Specialist Column Lee, Ji Hyun Director, Internal Medicine Department, Song to Hospital, Seoul, Korea
Inflammatory bowel disease, which has been rare in Korea, is rapidly increasing. According to a health insurance report and assessment, the number of patients with inflammatory bowel disease treated in 2017 is approximately 40,000 ulcerative colitis and about 20,000 Crohn's disease, which is approximately 60,000.
Inflammatory bowel disease is a chronic inflammatory disease of the gastrointestinal tract commonly referred to as ulcerative colitis and Crohn's disease. Ulcerative colitis occurs mainly in the colon and inflammation occurs sporadically throughout the digestive tract from the mouth to the rectum.
Inflammatory bowel disease is believed to occur when environmental factors and immunological factors occur in the presence of an unknown or genetic predisposition. Recently, many experts have estimated that immune cells of the intestinal mucosa are over-activated in response to external factors of intestinal bacteria or viruses and attack the intestinal mucosa to worsen.
Symptoms of inflammatory bowel disease include bloody stomach, abdominal pain, chronic diarrhea, fever, weight loss, anorexia and poorly treated anal illness. The diagnosis of inflammatory bowel disease is still low and the diagnosis is delayed due to infectious enteritis, symptoms and endoscopic findings. It is good that you are not afraid because most of you can properly manage your everyday life after diagnosis and management.
For the treatment of inflammatory bowel disease, anti-inflammatory drugs, immunomodulators, biological agents, steroidal agents, and the like are used. Surgical treatment is performed if there is no effect on the treatment or if stenosis, perforation or colon cancer develops. In particular, biological agents, including anti-TNF agents that block tumor necrosis factor (TNF) overexpression, which cause inflammation in inflammatory bowel disease, are effective in reducing inflammation and healing of mucous membranes.

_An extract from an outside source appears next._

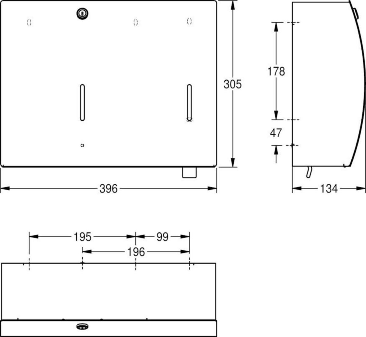 Paperipyyhe- ja saippua-annostelija -yhdistelmä pinta-asennukseen, ruostumatonta terästä, satiinipinta, InoxPlus pintakäsittelyllä sormenjälkien vähentämiseksi ja siivottavuuden helpottamiseksi. Materiaalin vahvuus 1.5 mm, kaareva etukansi, sylinterilukko KWC vakioavaimella, tarkistusikkuna edessä. Paperipyyheannostelijan täyttökapasiteetti 300 - 400 kpl riippuen paperin taitoksesta, sopiva nestesaippuoille ja liuoksille, 0.8 litran saippuasäiliö, painovipu, mukana teräsruuvit ja tartuntaosat. Mitat 396 x 305 x 134 mm (L x K x S)

Inflammatory bowel disease is recommended for periodic endoscopy, blood tests, stools and radiological examination (CT, MRI and ultrasound) even in the absence of symptoms. This is because the risk of colorectal cancer or small intestine cancer in patients with inflammatory bowel disease for a long time is higher than in the general population, and symptoms and objective findings do not necessarily match each other. In some rare cases, complications such as stenosis or perforation appear suddenly without symptoms.
Accurate diagnosis and treatment of inflammatory bowel disease, which may be accompanied by chronic and heterogeneous complications, is also essential for collaboration with various clinical departments with expertise in the field of diseases such as gastroenterology, colon surgery and imaging.
Recently, more and more hospitals have been seeking multidisciplinary treatment for inflammatory bowel disease. I think it's a good step because I can understand the symptoms and the condition of patients from different points of view and I can do individualized treatment accordingly.